“On peut fumer à bord d’un jet privé.”
Aux États-Unis, l’interdiction fédérale de fumer s’applique aux vols réguliers des compagnies et, depuis 2000, aux vols affrétés de 30 sièges ou plus, ce qui laisse la plupart des jets d’affaires hors de son champ. La FAA exige toujours que l’équipage contrôle le tabagisme et que les toilettes des appareils certifiés soient équipées de détecteurs et de réceptacles. L’Europe est similaire : les règles s’imposent au transport aérien commercial, et le droit d’allumer une cigarette à bord d’un avion privé est une décision de l’opérateur.

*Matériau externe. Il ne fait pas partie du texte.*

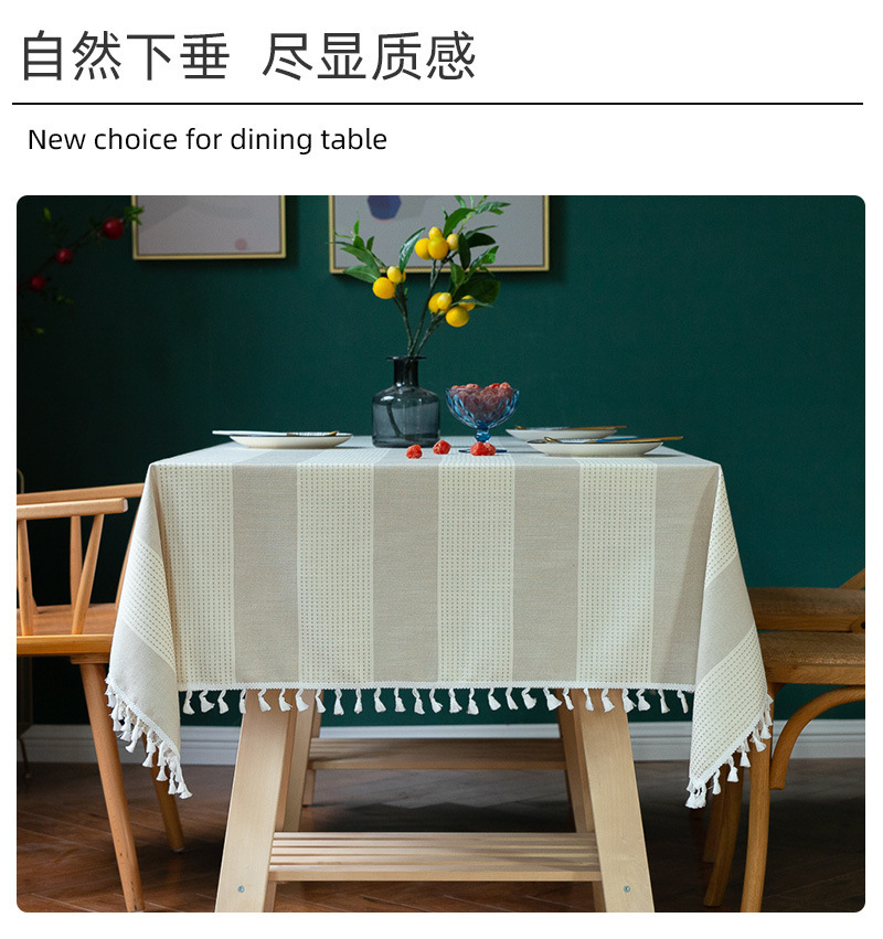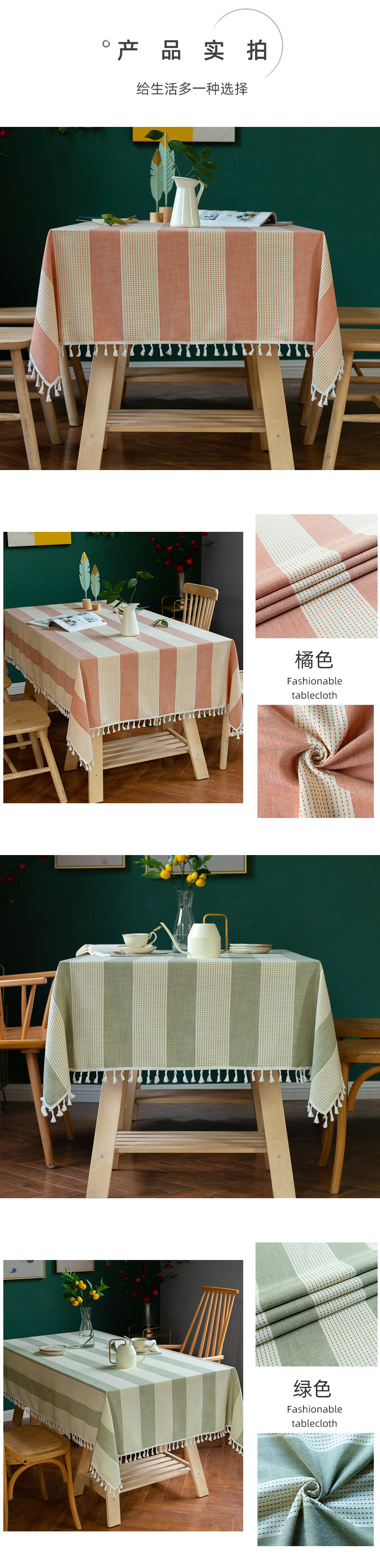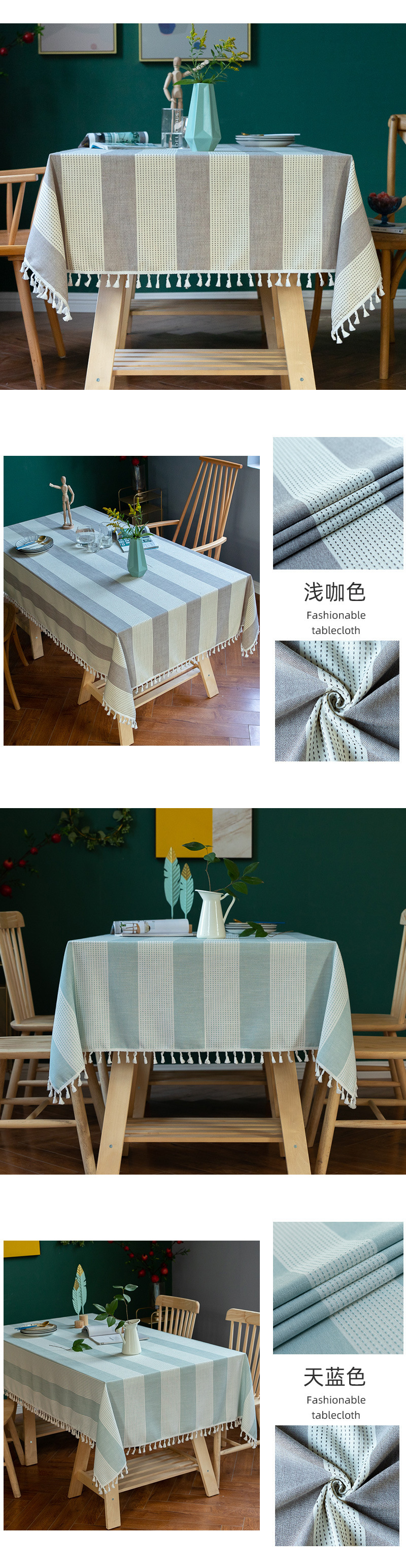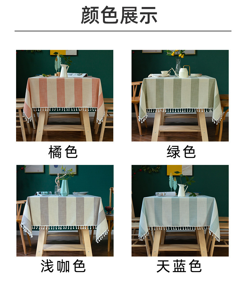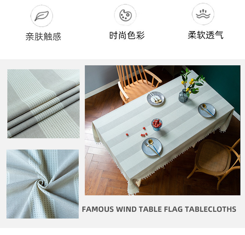 ins北欧式素色条纹桌布 ebay棉麻流苏花边餐桌罩盖布聚会台布批发
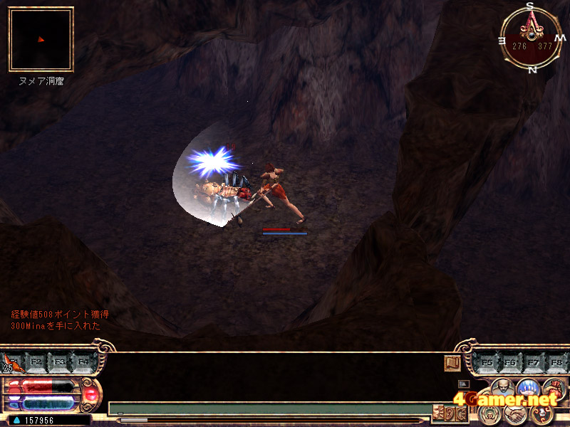 ビギナーゾーンのときのように,ひたすらモンスターを倒し続けていると,先週ムダにしてしまったお金(Mina)を記憶の彼方に追いやれるほどの所持金になってきた。Minaの使い道は,ザリガニを買うだけではない。ヌメアの村を探索していたときに「倉庫」というのを発見したが,利用するには前金で25万Mina(!)を渡さないとダメらしいのだ。それまでのモンスターから得るMinaとザリガニ代との収支差ではあまり所持金が増えないので,まだかなり先のことだと思っていた。しかし,ここでレベルアップを繰り返しているうちに(ほかのプレイヤーが置いていったアイテムもこっそりゲットした),あれよあれよという間にMinaが増えていき,ついに23万Minaに! 「フフフ,倉庫に荷物が置けるようになったら,あれもこれも置いておけるな……」などとひそかに野望を持ちつつ,あと2万Minaを稼ぎにGo!
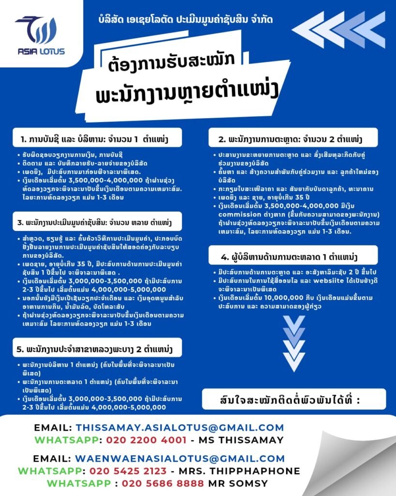 ບໍລິສັດ ເອເຊຍໂລຕັດ ປະເມີນມູນຄ່າຊັບສິນ ຈຳກັດ ຕ້ອງການຮັບສະໝັກພະນັກງານຫຼາຍຕຳແໜ່ງຢູ່ສຳນັກງານໃຫຍ່, ນະຄອນຫຼວງວຽງຈັນ:
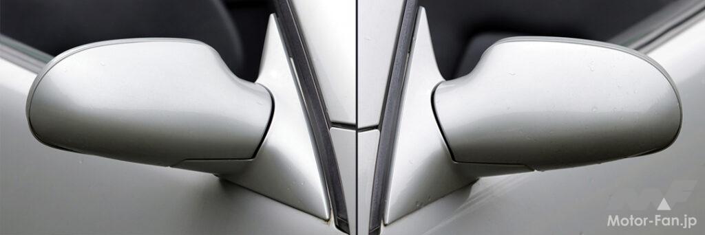 エクステリアの細部を見ていこう。まずはドアミラー。メルセデス・ベンツの多くにあった左右非対称のミラーは採用されていない。左右同じサイズである。次にドア、こちらは乗りやすいように、ボディに対して約90度と思われるほど大きく開く。だだし、なぜかサイドウインドウはドアに完全に収納がされない。ほんの少しだけ残ってしまうのだ。ドアの操作性、ドアハンドルは握りやすく、身体をサポートする形状で理想と思われる位置にある。パワーウインドウのスイッチはドアではなく、センターコンソールとなっている。

La décision de l’opérateur est généralement non. Les flottes d’affrètement sont des actifs partagés, et une cabine qui sent la fumée perd des réservations et de la valeur ; nettoyer une cabine après un vol chargé en cigares peut coûter des milliers de dollars. Les programmes fractionnés l’interdisent par contrat. Certains opérateurs acceptent le tabac au cas par cas moyennant un supplément, et une poignée commercialise des appareils « fumeurs ».
Là où c’est courant, c’est sur les appareils en pleine propriété, en particulier au Moyen-Orient, sur l’ancien marché russe et chez les dirigeants amateurs de cigares. Les plus gros jets avec salons dédiés et bons systèmes de renouvellement d’air s’en sortent le mieux ; l’air de la cabine d’un jet d’affaires est renouvelé toutes les deux ou trois minutes.
La rumeur a donc raison sur la loi et manque de fiabilité sur la réalité : demandez avant d’embarquer.